Doping Control Center, Korea Institute of Science and Technology, Seoul, Republic of Korea.
Department of Microbial Engineering, College of Engineering, Konkuk University, Seoul, Republic of Korea.
Drug Test Anal. 2023 Nov-Dec;15(11-12):1439-1448. doi: 10.1002/dta.3562. Epub 2023 Sep 4.

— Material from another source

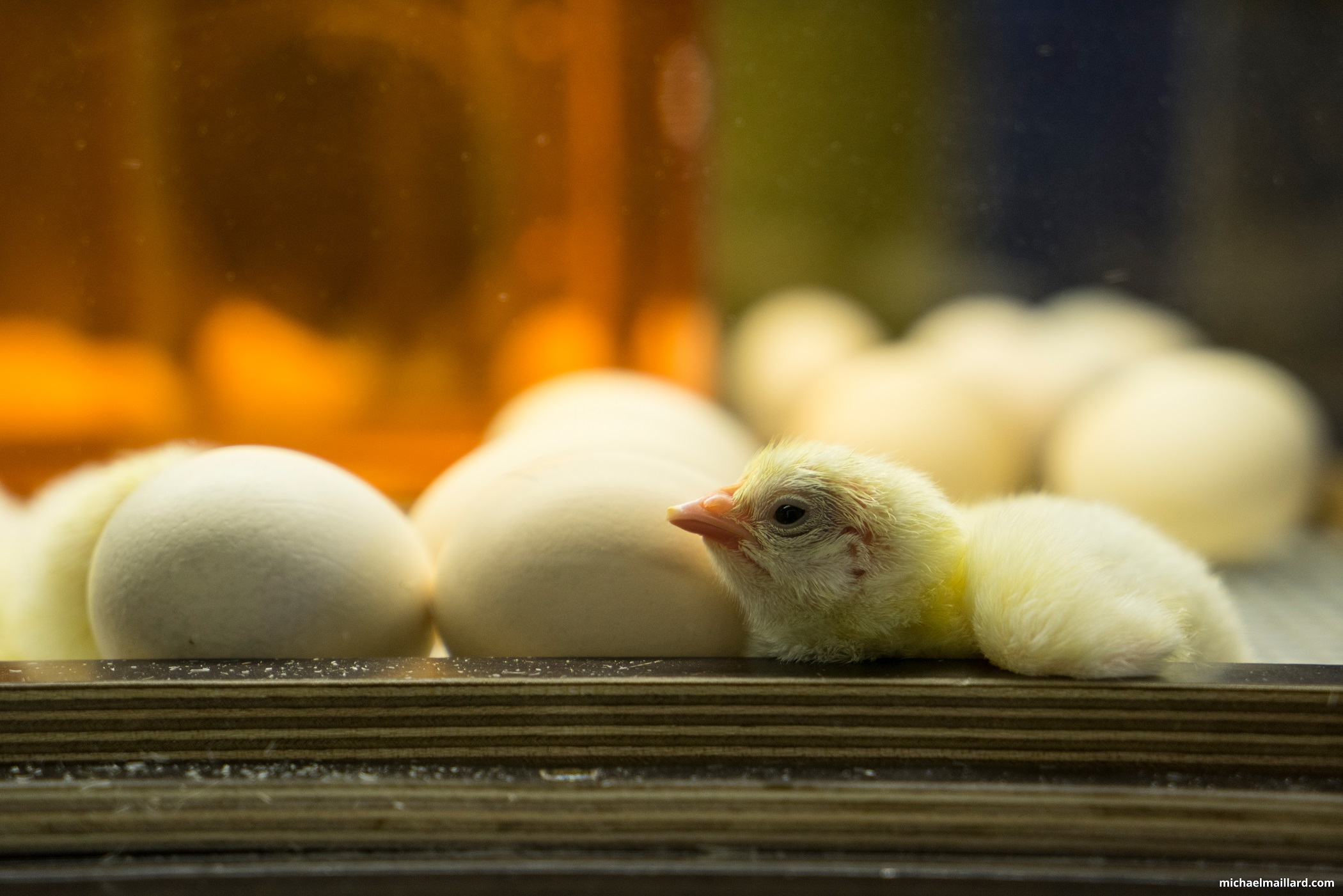 Que les puristes se rassurent toutefois ! Malgré la diversité des oeufs et des animaux qui les pondent, dans les couveuses du Musée, quand une coquille bouge, se fendille, se craque et s’ouvre, c’est toujours un poussin qui en sort : un moment d’émotion et d’émerveillement.

Due to athletes' misuse of recombinant human growth hormone (rhGH) for performance improvement, the World Anti-Doping Agency has designated rhGH as a prohibited substance. This study focuses on the development and improvement of a simple and fast rhGH detection method using a fluorescence-incorporated antibody sensor "Quenchbody (Q-body)" that activates upon antigen binding. Camelid-derived nanobodies were used to produce stable Q-bodies that withstand high temperatures and pH levels. Notably, pituitary human growth hormone (phGH) comprises two major isoforms, namely 22 and 20 kDa GH, which exist in a specific ratio, and the rhGH variant shares the same sequence as the 22 kDa GH isoform. Therefore, we aimed to discriminate rhGH abuse by analyzing its specific isoform ratio. Two nanobodies, NbPit (recognizing phGH) and NbRec (preferentially recognizing 22 kDa rhGH), were used to develop the Q-bodies. Nanobody production in Escherichia coli involved the utilization of a vector containing 6xHis-tag, and Q-bodies were obtained using a maleimide-thiol reaction between the N-terminal of the cysteine tag and a fluorescent dye. The addition of tryptophan residue through antibody engineering resulted in increased fluorescence intensity (FI) (from 2.58-fold to 3.04-fold). The limit of detection (LOD) was determined using a fluorescence response, with TAMRA-labeled NbRec successfully detecting 6.38 ng/ml of 22 kDa rhGH while unable to detect 20 kDa GH. However, ATTO520-labeled NbPit detected 7.00 ng/ml of 20 kDa GH and 2.20 ng/ml 22 kDa rhGH. Q-bodies successfully detected changes in the GH concentration ratio from 10 to 40 ng/ml in human serum within 10 min without requiring specialized equipment and kits. Overall, these findings have potential applications in the field of anti-doping measures and can contribute to improved monitoring and enforcement of rhGH misuse, ultimately enhancing fairness and integrity in competitive sports.
由于运动员滥用重组人生长激素(rhGH)来提高运动成绩,世界反兴奋剂机构已将 rhGH 列为禁用物质。本研究专注于开发和改进一种简单快速的 rhGH 检测方法,使用一种荧光标记抗体传感器“Quenchbody(Q-body)”,该传感器在抗原结合时被激活。骆驼科纳米抗体被用于产生能够耐受高温和 pH 值的稳定 Q-body。值得注意的是,垂体人生长激素(phGH)由两种主要的同工型组成,即 22 和 20 kDa GH,它们以特定比例存在,而 rhGH 变体与 22 kDa GH 同工型具有相同的序列。因此,我们旨在通过分析其特定同工型比例来区分 rhGH 滥用。两种纳米抗体,NbPit(识别 phGH)和 NbRec(优先识别 22 kDa rhGH),被用于开发 Q-body。Escherichia coli 中的纳米抗体生产涉及使用含有 6xHis 标签的载体,并且 Q-body 通过半胱氨酸标签的 N 端与荧光染料之间的马来酰亚胺-巯基反应获得。通过抗体工程添加色氨酸残基导致荧光强度(FI)增加(从 2.58 倍增加到 3.04 倍)。使用荧光响应确定检测限(LOD),TAMRA 标记的 NbRec 成功检测到 6.38 ng/ml 的 22 kDa rhGH,而无法检测到 20 kDa GH。然而,ATTO520 标记的 NbPit 检测到 7.00 ng/ml 的 20 kDa GH 和 2.20 ng/ml 的 22 kDa rhGH。Q-body 无需专门的设备和试剂盒,在 10 分钟内成功检测到人血清中 GH 浓度比从 10 到 40 ng/ml 的变化。总体而言,这些发现具有在反兴奋剂措施领域的应用潜力,可以有助于改善 rhGH 滥用的监测和执行,最终提高竞技体育的公平性和完整性。